→ **Prompt**: Below is a listing; retype exactly the line with "[02:53.511] | 抱きしめて付いた爪の迹も明日には消える |" and every line after it through the end, and only those, leaving out the pictures.

################

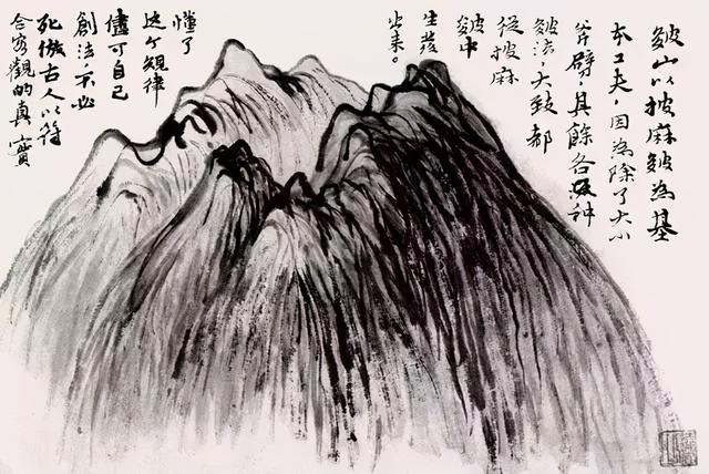 皴山以披麻皴为基本功夫,因为除了大小斧劈,其余各种皴法,大致都从披麻皴中生发出来。懂了这个规律,尽可自己创法,不必死仿古人,以符合客观的真实。
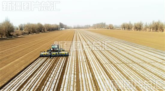 2024年3月19日,新疆生产建设兵团第一师10团职工在高标准化农田里驾驶装备北斗导航的农机播种棉花(无人机拍摄)。
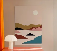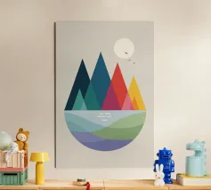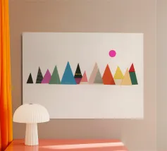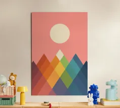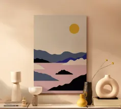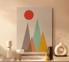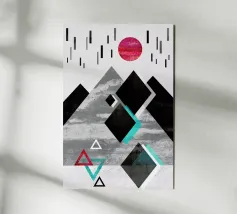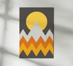 Le forme geometriche formano un paesaggio montano minimalista, con un cerchio in alto che ricorda il sole. Sotto è raffigurato un riflesso invertito delle cime, che crea un disegno simmetrico.
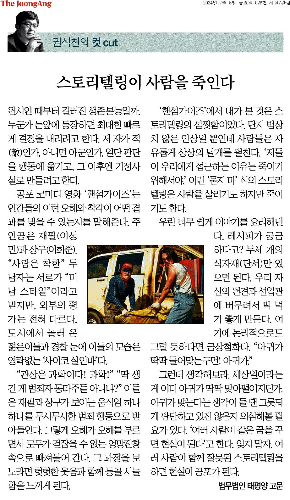 ④ ‘핸섬가이즈’에서 내가 본 것은 스토리텔링의 섬찟함이었다. 단지 범상치 않은 인상일 뿐인데 사람들은 자유롭게 상상의 날개를 펼친다. ‘저들이 우리에게 접근하는 이유는 죽이기 위해서야.’ 이런 ‘묻지 마’ 식의 스토리텔링은 사람을 살리기도 하지만 죽이기도 한다.
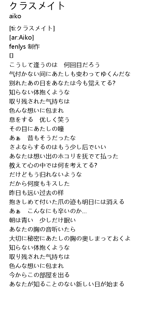| [02:53.511] | 抱きしめて付いた爪の迹も明日には消える |
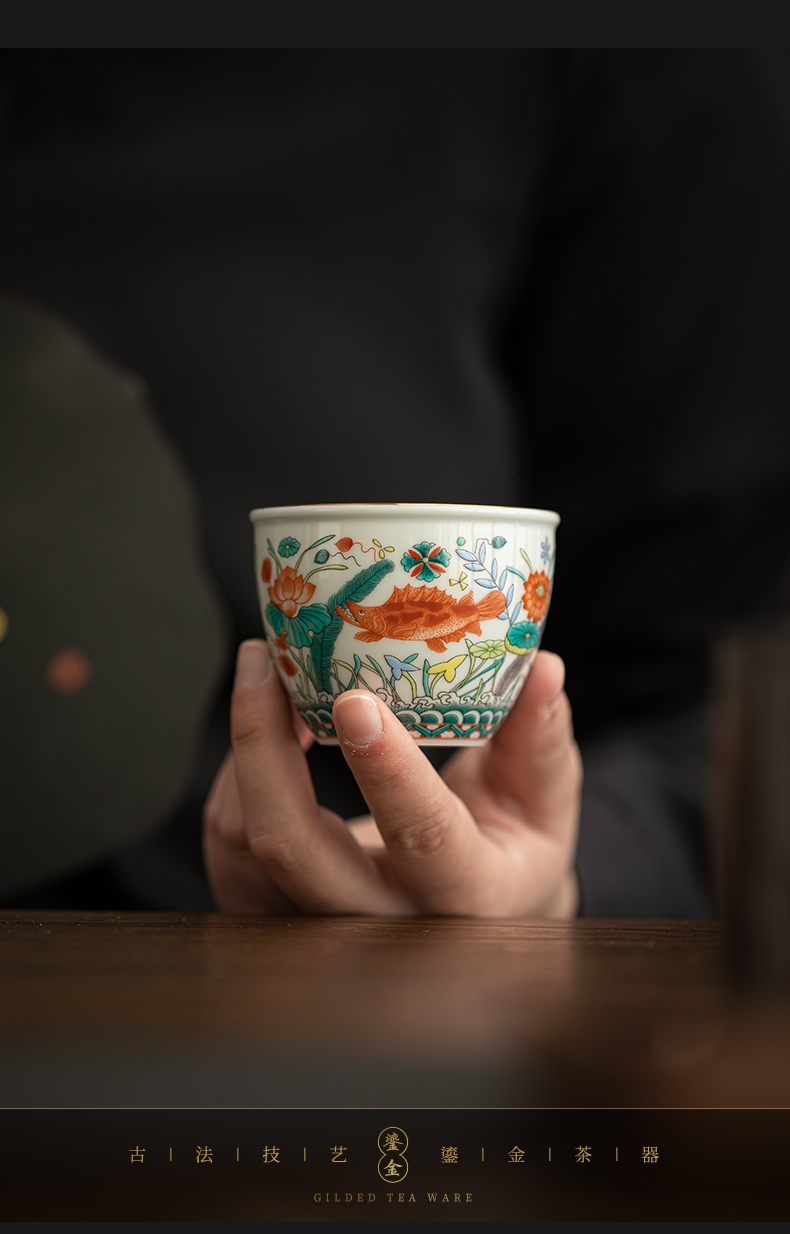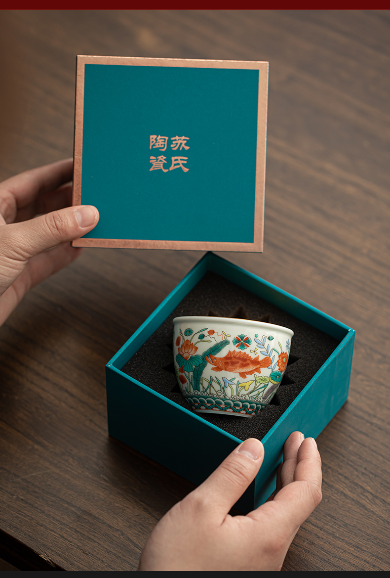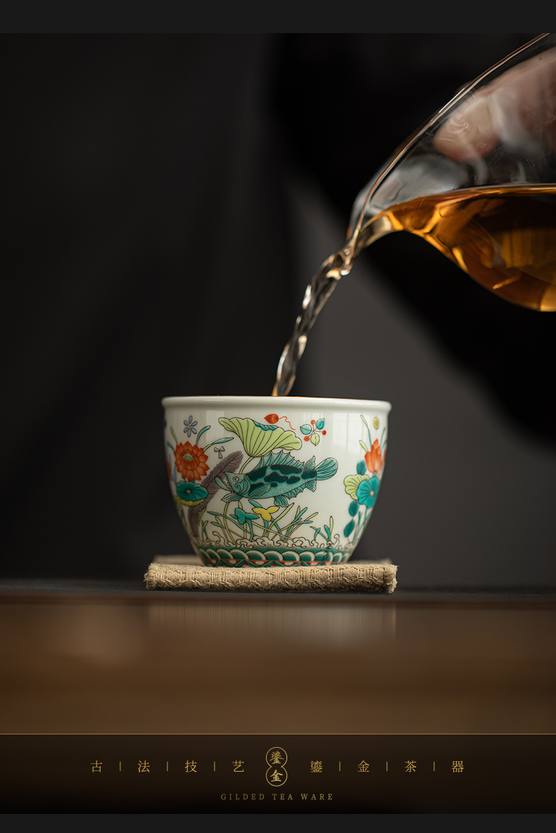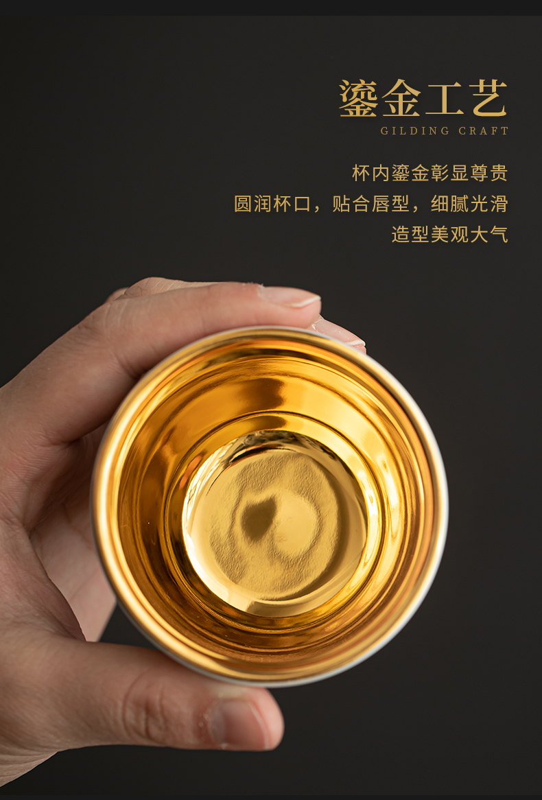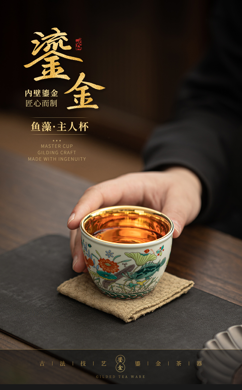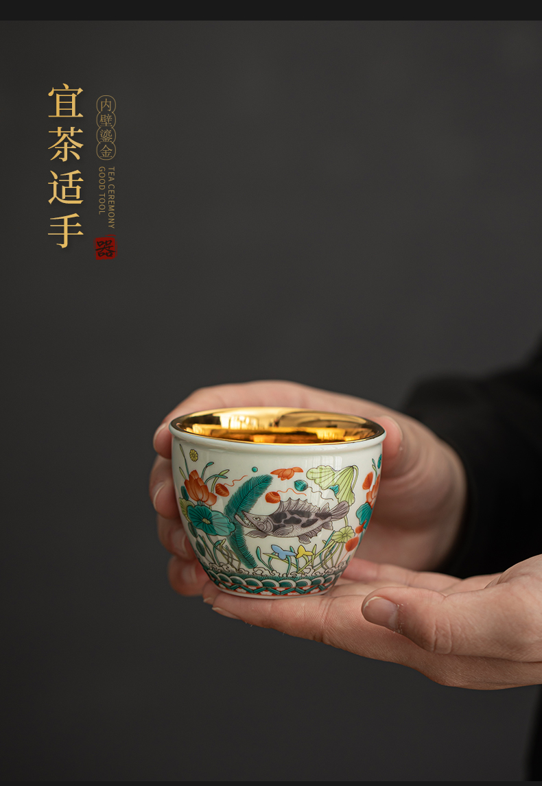 苏氏陶瓷(SUSHI CERAMICS)J0849鱼藻杯内部鎏金茶杯非遗传承人陈国再作品(单位:个) 白色

################

→ **The completed task**:
| [02:53.511] | 抱きしめて付いた爪の迹も明日には消える |
 苏氏陶瓷(SUSHI CERAMICS)J0849鱼藻杯内部鎏金茶杯非遗传承人陈国再作品(单位:个) 白色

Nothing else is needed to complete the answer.